◆ REQUIRED ACTION ◆
Skip all pictures; return exactly the lines from the one containing "为了抢抓就业招聘黄金期,充分" through the end of the data.

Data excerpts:
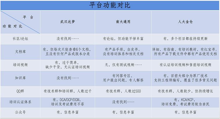 值得一提的是,社区上还有总裁杜胜杜总关于“国产数据库发展总结及未来趋势”的演讲视频、培训部周传胜老师关于“db市场外部竞争环境解析”的售前培训视频。熟悉国内数据库发展历程的同学,可能会像我一样对这两个视频产生共鸣。要知道,南大通用崔总在企业发展的高峰时期遗憾离世;武汉达梦冯总以七十多岁的高龄,奔波在一线;而成立最早的人大金仓在这段时间完成了新老交替。杜总裁的演讲,显示出人大金仓高层对国产数据库发展和自身产品的定位和规划,有着清晰的认识。“数据库应当在细分领域寻找机会”,可不是嘛,以Oracle数据库之强大,不也一样沉戟于云数据库之战吗?杜总裁的演讲完全打破了我关于传统校企陈旧和傲慢的感观,使得这家企业的形象在我的脑海中一下鲜明起来。强烈建议新来的同学都去学习下这两个视频,相信你会和我一样,对国产数据库的崛起,对金仓数据库的发展,充满信心。
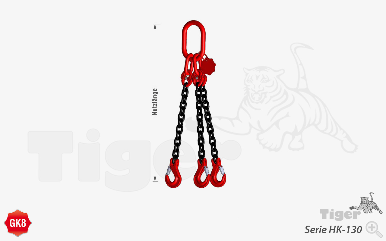 3-Strang-Kettengehänge HK-130 mit Gabellasthaken in GK8
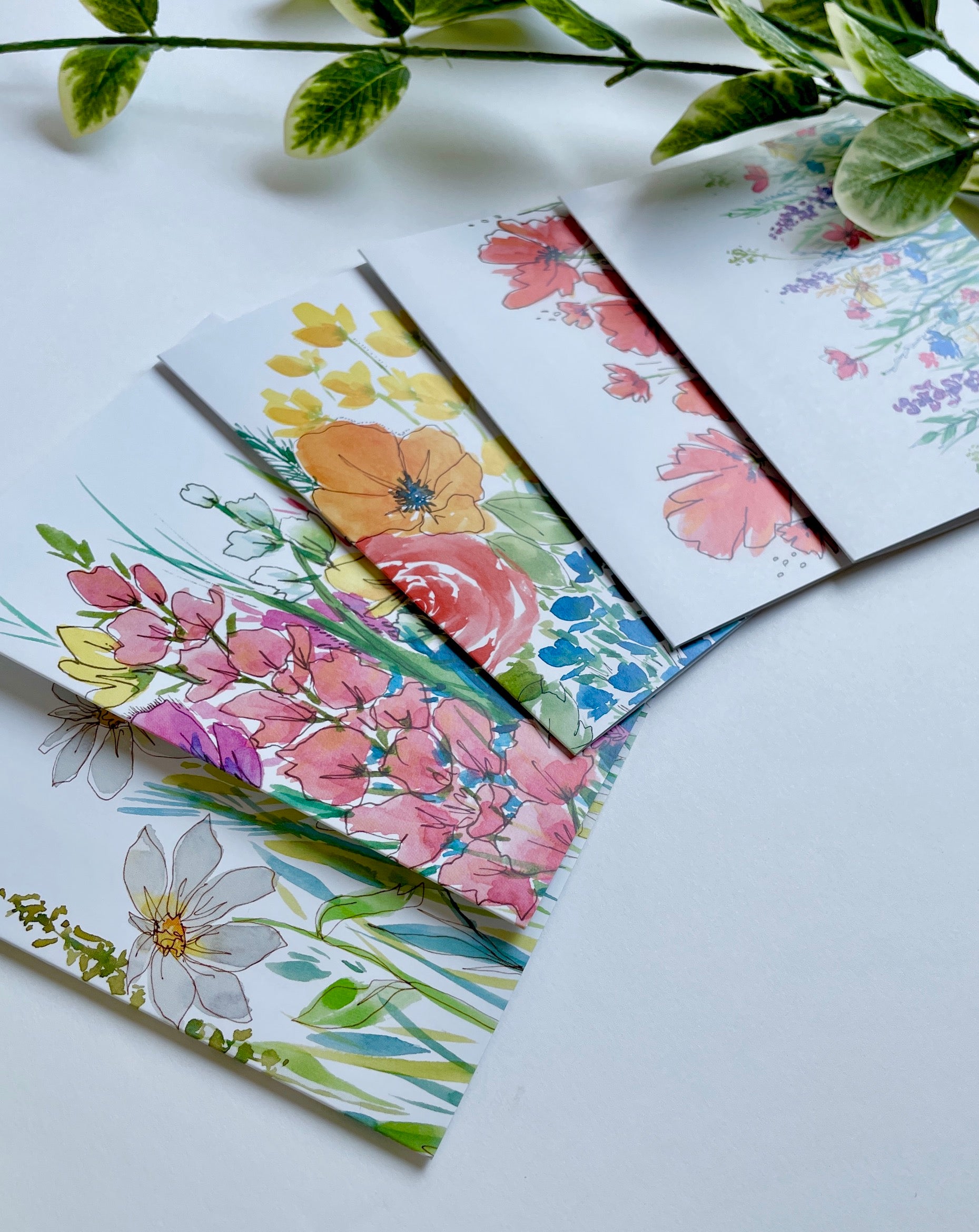 10 beautiful notecards with envelopes, with five different designs. Each card is a print of one of my original watercolor paintings. These cards come directly from the artist to you!
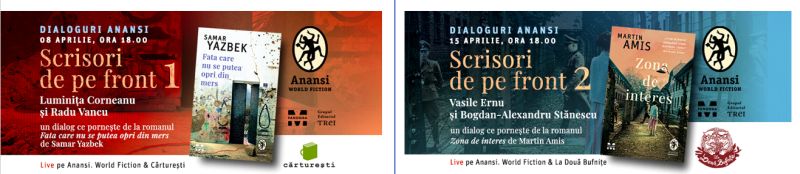 Cel de-al doilea eveniment din această serie, „Scrisori de pe front 2”, plănuit pentru data de 15 aprilie, de la ora 18.00, pe paginile de Facebook #Anansi și #LaDouăBufnițe, îi aduce față în față pe scriitorii Vasile Ernu și Bogdan-Alexandru Stănescu, protagoniștii unor dialoguri despre literatură care au fermecat în trecut sute de cititori. Pretextul întâlnirii îl constituie ediția în limba română a unuia dintre cele mai puternice romane semnate de Martin Amis. Este vorba despre Zona de interes (traducere de de Mihaela Ghiță), o carte năucitoare, tăioasă, asemenea unei oglinzi ce pare a realiza imposibilul: să pună în scenă o poveste autentică de dragoste ce se desfășoară într-un lagăr nazist, un triunghi amoros care-și trăiește micile drame pe fundalul unei „banalități a răului” cutremurătoare.
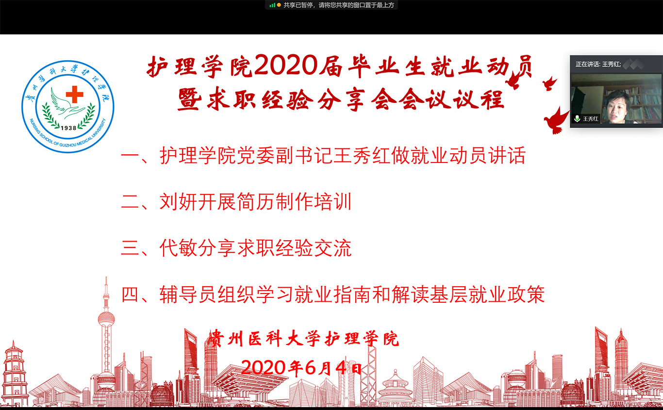 为了抢抓就业招聘黄金期,充分促进世界杯官网2020届毕业生尽快实现就业,6月4日晚8:30,美加墨世界杯官方网站召开了就业动员暨求职经验分享会,美加墨世界杯官方网站党委副书记王秀红、全体2020届未就业学生参加了此次会议,会议由美加墨世界杯官方网站学生管理科副科长兼毕业班辅导员毕丽主持,采用腾讯会议形式进行。
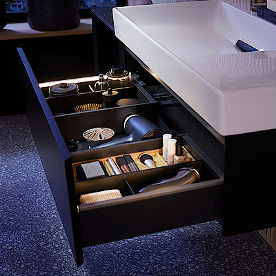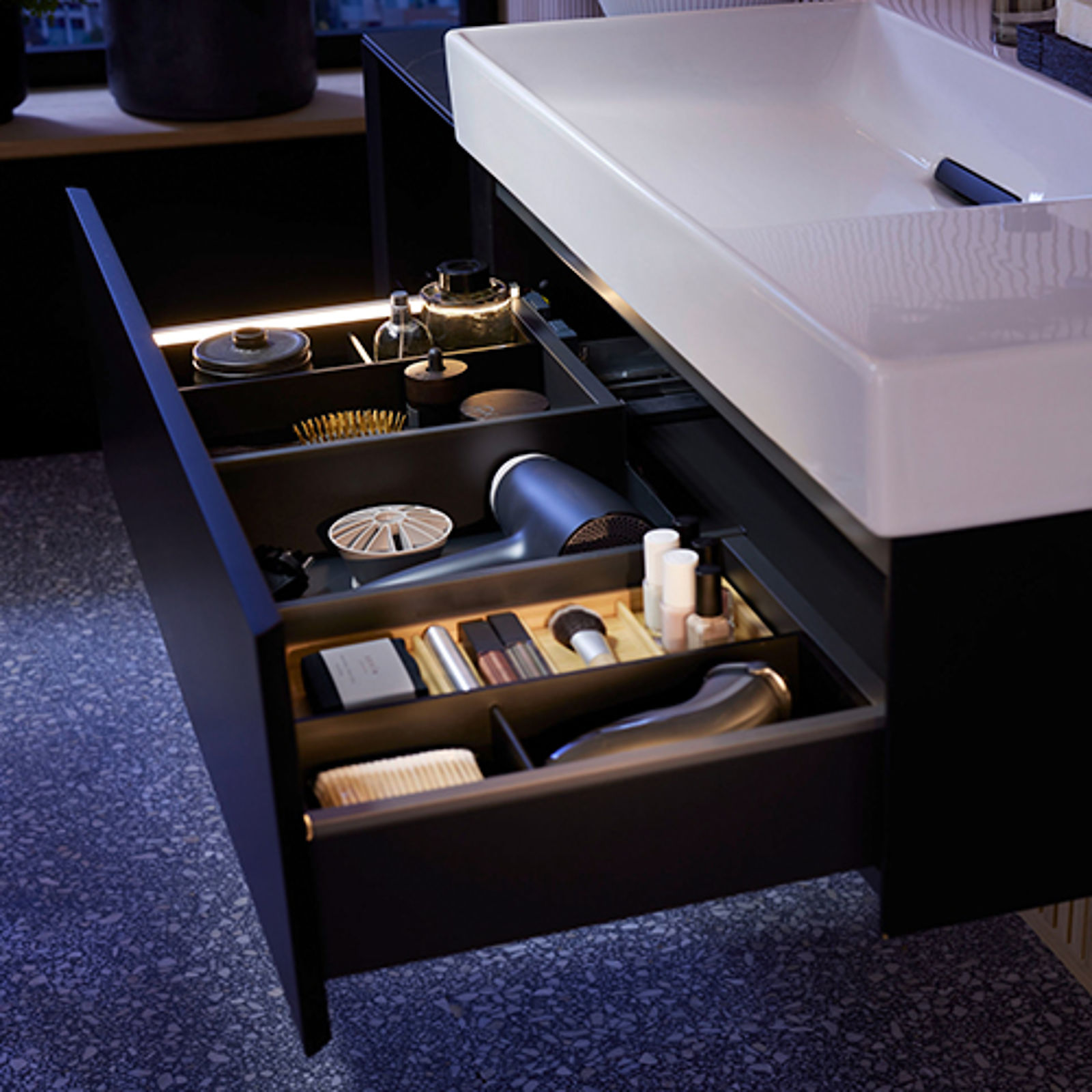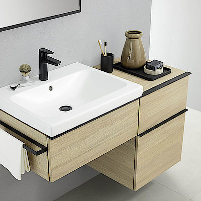 Badmöbel, unter anderem der Badserie ONE, sind bereits in der Farbe Schwarz erhältlich.

◆ TASK OUTPUT ◆
 为了抢抓就业招聘黄金期,充分促进世界杯官网2020届毕业生尽快实现就业,6月4日晚8:30,美加墨世界杯官方网站召开了就业动员暨求职经验分享会,美加墨世界杯官方网站党委副书记王秀红、全体2020届未就业学生参加了此次会议,会议由美加墨世界杯官方网站学生管理科副科长兼毕业班辅导员毕丽主持,采用腾讯会议形式进行。
 Badmöbel, unter anderem der Badserie ONE, sind bereits in der Farbe Schwarz erhältlich.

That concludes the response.